┌─ Information shown

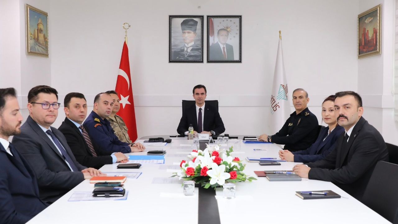 Bitlis Valisi Ahmet Karakaya başkanlığında Valilik Toplantı Salonu’nda gerçekleştirilen toplantıya; İl Jandarma Komutan V. Kd. Albay Ahmet Demirel, İl Emniyet Müdür V. İsmail Ayhan, İl Göç İdaresi Müdürü Cihan Cavli, Ahlat Sahil Güvenlik Karakol Komutanı Üsteğmen Yiğitcan Örikli ve ilgili kurum amirleri katıldı.
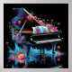 piano de cauda preto maravilhosamente decorado com flores coloridas e efeitos fluentes sobre a água em um fundo escuro, misturando encanto musical e elegância da natureza em harmonia artística.
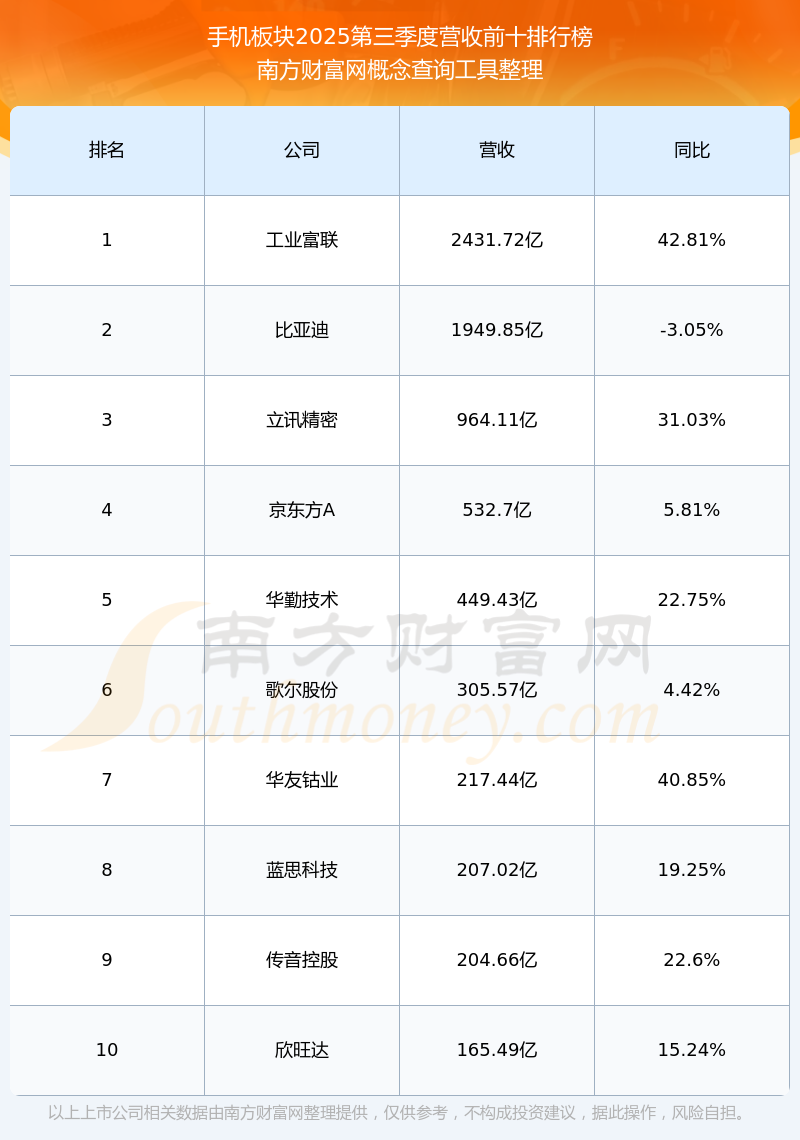 按照南方財富網(wǎng)概念查詢工具統(tǒng)計,該股所屬板塊為手機板塊,該板塊共有137只股票,波導股份2025第三季度營收在該板塊中排名為第137名,該板塊2025第三季度營收排名前十的股票如下表:

└─

**Exercise details:** Exact reproduction is required. Output only the lines from the one with "piano de cauda" through the end of the listing above, both ends included, and no pictures.

**Result for this exercise:**
 piano de cauda preto maravilhosamente decorado com flores coloridas e efeitos fluentes sobre a água em um fundo escuro, misturando encanto musical e elegância da natureza em harmonia artística.
 按照南方財富網(wǎng)概念查詢工具統(tǒng)計,該股所屬板塊為手機板塊,該板塊共有137只股票,波導股份2025第三季度營收在該板塊中排名為第137名,該板塊2025第三季度營收排名前十的股票如下表:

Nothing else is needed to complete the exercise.